Abide, abide with me, is the message of Jesus, and it should be the message of the church. Be like the lost sheep, come back to the fold. Well OK, you might say. We do welcome anyone. No need to join an organisation about it.

But I say that we don’t do it publicly enough, demonstrably enough. If I were gay or lesbian, or mentally impaired, or disabled, or very poor – perhaps on the streets – what might I think, when I came up to the door of our church?

Just think how many newspaper articles and TV interviews there have been about things where the church in general isn’t, or hasn’t been, welcoming, inclusive.

IC started as a reaction to the way that the top theologian and brilliant pastor, the Revd Dr Jeffrey John, was forced out of his appointment as Bishop of Reading in 2003, because he is gay.

On Desert Island Discs the other day, the famous church historian, Prof. Sir Diarmaid McCulloch, the son of a vicar, who has been a faithful Christian all his life, told how he was allowed by the Bishop of Bristol to train for the ministry, (although the Bishop’s Advisory Panel didn’t think he ought to be allowed to,) and he was ordained Deacon – but then he was blocked from being ordained priest: all because he is openly gay.

Or what about the question of women bishops? It has taken the church forever to ordain women as ministers, and it’s only this year that we might finally have the first women bishops. But what must it look like from the outside? It looks as though our church is shot through with misogyny. It looks as though, in places at least, the Church of England doesn’t really like women.

There’s nothing outside, no public sign, to say that we aren’t like that. So our person on the outside, looking in, may well be put off. It would be understandable – never mind if it was ultimately right or not – if they said that the church didn’t look inclusive: indeed, if you fell into certain categories, it might seem to be actually exclusive.

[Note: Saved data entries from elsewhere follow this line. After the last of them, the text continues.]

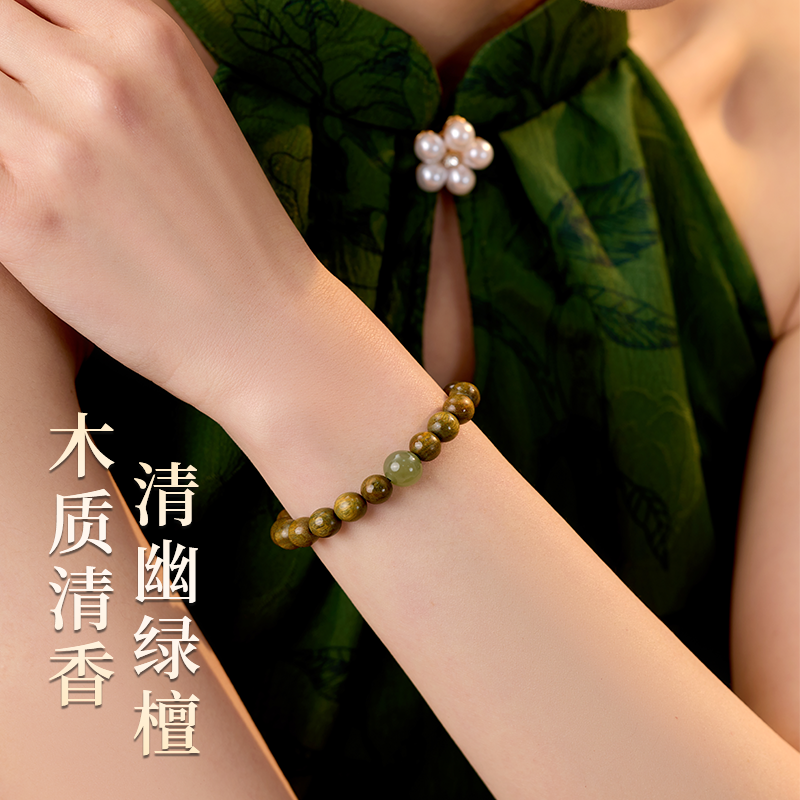 纯天然老绿檀和田玉手串女檀木文玩檀香木手链佛珠正品官方旗舰店
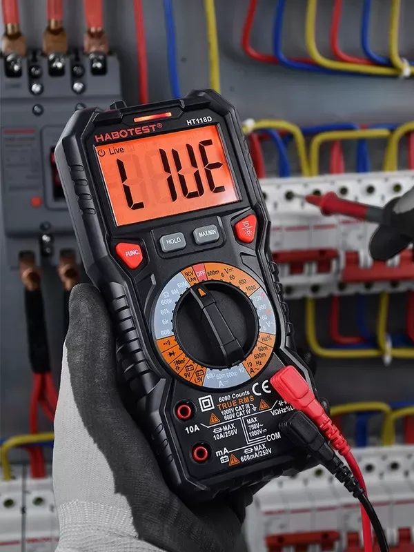 مولتی متر دیجیتال هابوتست | HABOTEST مدل HT118D یک ابزار حرفهای و پیشرفته برای اندازهگیری دقیق پارامترهای الکتریکی است. این دستگاه با قابلیت True RMS امکان سنجش دقیق ولتاژها و جریانهای غیرسینوسی را فراهم کرده و برای کاربردهای صنعتی، تعمیرگاهی و آزمایشگاهی طراحی شده است.
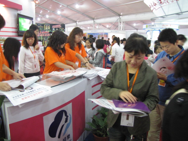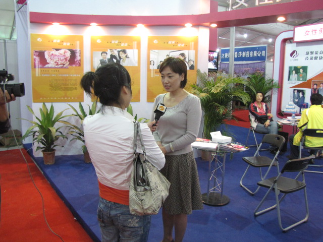 在特六号展位,三八妇乐独特、大气的设计风格和让业界耳熟能详的三八妇乐、妍净、康伊纳、那咪以及小仆人等5大系列上百个品种受到了各地客商的热情关注,纷纷索要资料,了解产品及加盟方式,签约的客户使公司工作人员应接不暇。火暴的场面也受到了各媒体的关注,在展会现场,三八妇乐公司韩美宁总经理接受了咸阳电视台的采访。
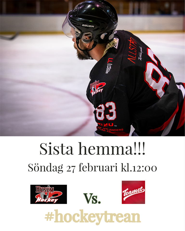 På söndag är det dags för sista hemmamatchen för denna säsong i hockeytrean. Den 27/2 tar alltså Oves grabbar emot Teamet för sista hemmamatchen denna säsong. Det kommer bli en rolig match som kommer falla publiken i smaken. Hoppas vi ses där och hejar fram Husum! Välkomna! Foto: @j.silvenord Husum Hockey 25 feb 2022 0kommentarer

Now this is where I think there is merit in drawing attention to ourselves. There’s a business school story about two milkmen, whose milk rounds overlapped some roads, so they were in competition. They both delivered every day: but one of them put a big sign on his milk float, ‘I DELIVER MILK EVERY MORNING’. And he doubled his sales. Customers came to him. He made it absolutely clear that he had what they wanted.

I think that, if we joined IC, it would have a similar effect. The person who is a bit marginal, for whatever reason, would no longer be in any doubt whether they would be welcome. ‘We are part of Inclusive Church. YOU ARE WELCOME’, the sign outside the church would say. You are definitely welcome, because we are committed, publicly committed, to making you welcome.

I think that joining Inclusive Church ought to be central to our mission – to our vision. I really hope you will support it. Think of that lonely bod, hesitating outside.

Hugh Bryant
29th January 2014 – at the meeting, only one person agreed. The overwhelming majority said, ‘We are inclusive. No need to join Inclusive Church.’